**TASK INSTRUCTIONS:** Print the lines of the listing below verbatim from its first line through the line bearing "Découvrez le premier". Any pictures are to be omitted.

**GIVEN INFORMATION:**
▬▬▬▬▬▬
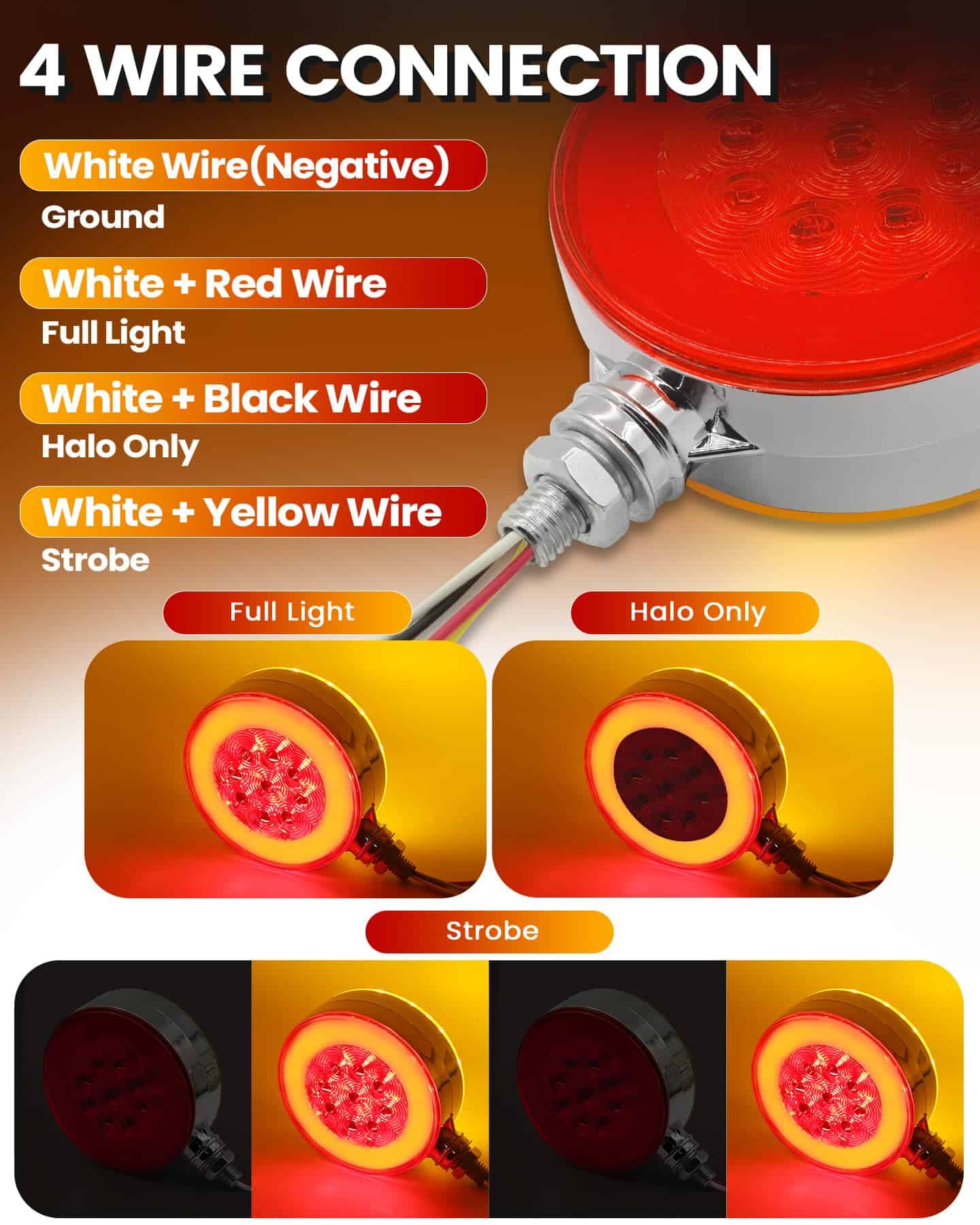 1. INCLUYE EMBALAJE E INSTRUCCIONES DE CABLEADO: 2PCS 74 LED Luz de Camión Redonda de Doble Cara con Halo, disponible con Lente Clara o Lente de Color, configuraciones de color: Delante Ambar y Atrás Ambar o Delante Ambar y Atrás Rojo. Instrucciones de cableado: Cable Blanco (Tierra): Conecte a la tierra. Cable Negro (Solo Halo): Conecte para activar la luz de halo. Cable Rojo (Luz Completa): Conecte para activar tanto la luz de halo como la central. Cable Amarillo (Intermitente): Conecte para activar el modo intermitente.
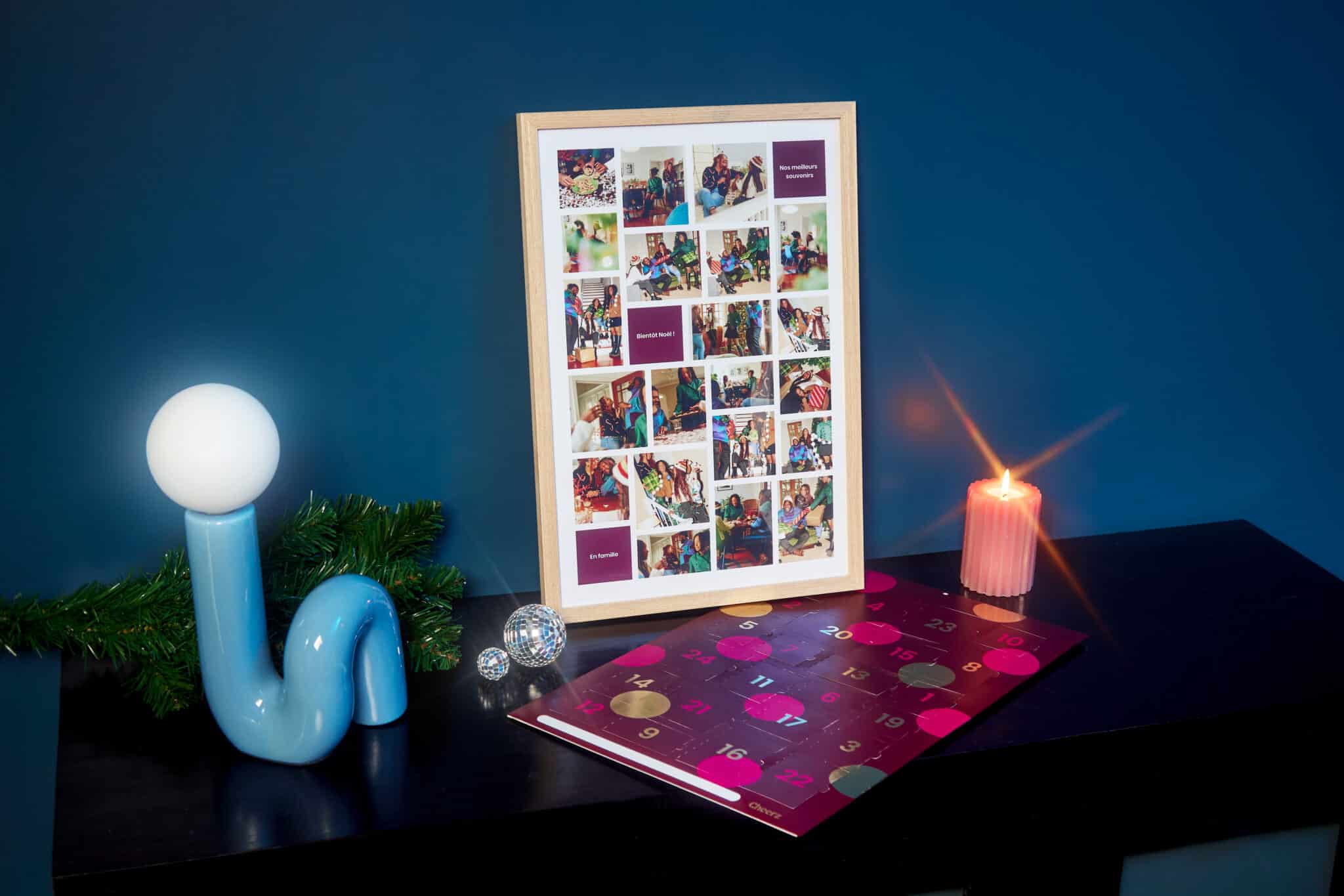 Découvrez le premier calendrier de l’Avent qui reste après ! Oui oui, vous avez bien entendu ! Le calendrier photo, aussi appelé le calendrier durable (🌳) : c’est 24 cases à ouvrir pour découvrir ou redécouvrir chaque jour une jolie photo ! Et devinez quoi ? Le 25, votre calendrier se refait une beauté et se transforme en superbe poster photo ! Il suffit de lui retirer sa pochette pour découvrir une jolie mosaïque de vos photos préférées ! Canon non ?
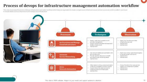 This slide showcases the process of devops infrastructure automation workflows which helps an organization to create a single source of truth and secure services across any runtime, platform, and cloud. It include details such as set provision and manage cloud infrastructure Pitch your topic with ease and precision using this Process Of Devops For Infrastructure Management Automation Workflow Mockup Pdf This layout presents information on Processes, Techniques, Illustration It is also available for immediate download and adjustment. So, changes can be made in the color, design, graphics or any other component to create a unique layout. This slide showcases the process of devops infrastructure automation workflows which helps an organization to create a single source of truth and secure services across any runtime, platform, and cloud. It include details such as set provision and manage cloud infrastructure
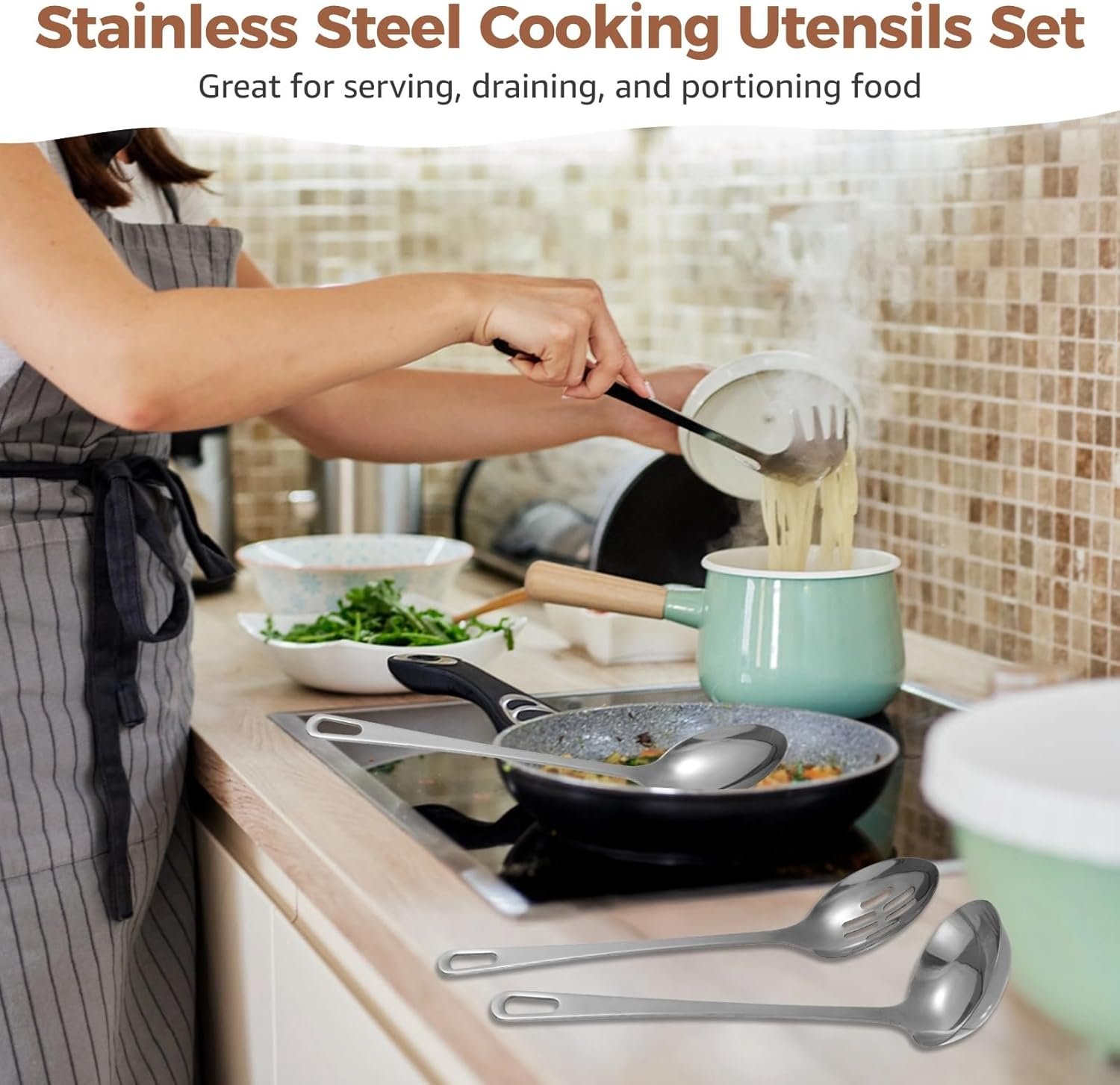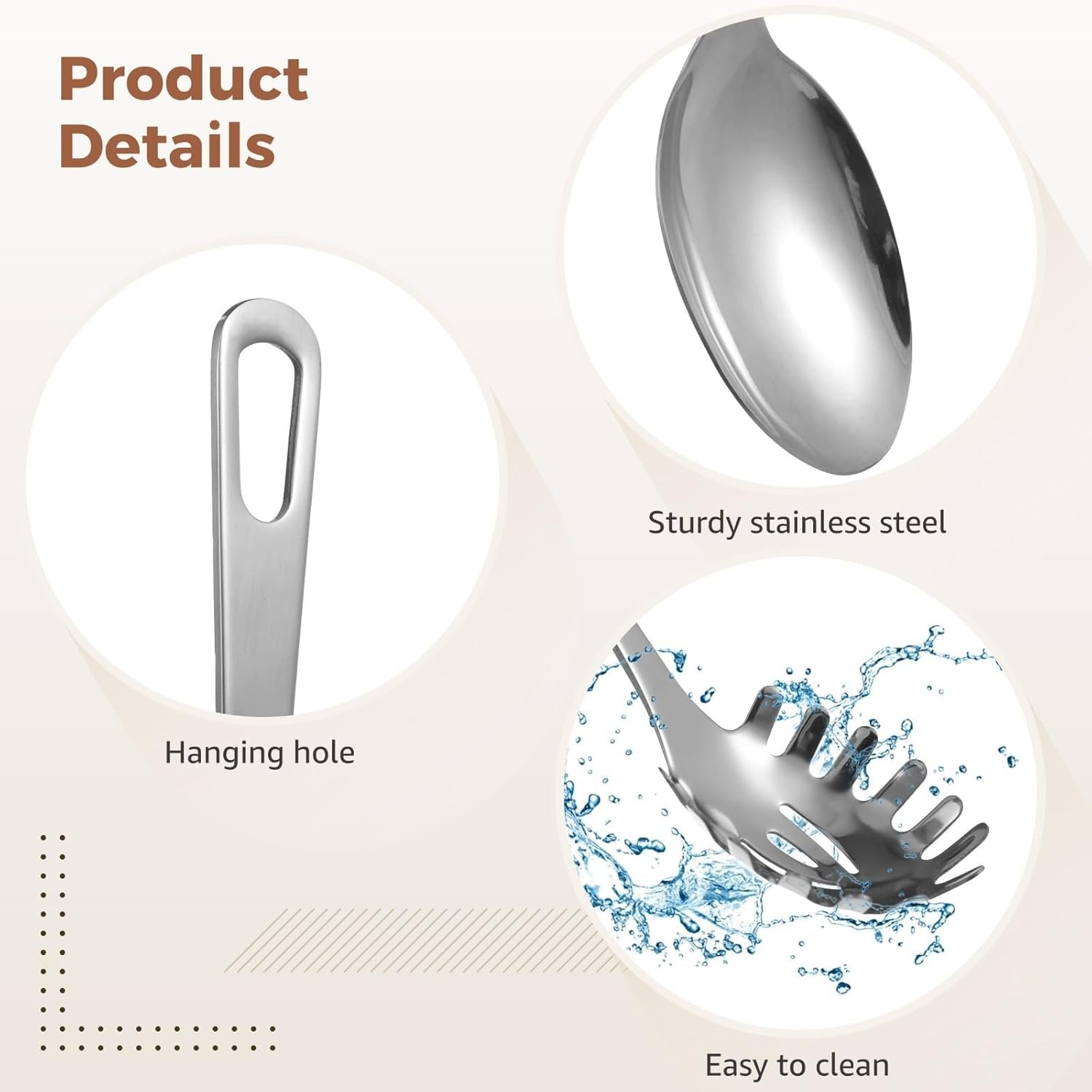 - Easy & Comfortable: The smooth stainless steel surface makes these utensils easy to clean, and the ergonomic handle ensures a secure, comfortable grip for effortless control.
▬▬▬▬▬▬
**RESPONSE BELOW:**
 1. INCLUYE EMBALAJE E INSTRUCCIONES DE CABLEADO: 2PCS 74 LED Luz de Camión Redonda de Doble Cara con Halo, disponible con Lente Clara o Lente de Color, configuraciones de color: Delante Ambar y Atrás Ambar o Delante Ambar y Atrás Rojo. Instrucciones de cableado: Cable Blanco (Tierra): Conecte a la tierra. Cable Negro (Solo Halo): Conecte para activar la luz de halo. Cable Rojo (Luz Completa): Conecte para activar tanto la luz de halo como la central. Cable Amarillo (Intermitente): Conecte para activar el modo intermitente.
 Découvrez le premier calendrier de l’Avent qui reste après ! Oui oui, vous avez bien entendu ! Le calendrier photo, aussi appelé le calendrier durable (🌳) : c’est 24 cases à ouvrir pour découvrir ou redécouvrir chaque jour une jolie photo ! Et devinez quoi ? Le 25, votre calendrier se refait une beauté et se transforme en superbe poster photo ! Il suffit de lui retirer sa pochette pour découvrir une jolie mosaïque de vos photos préférées ! Canon non ?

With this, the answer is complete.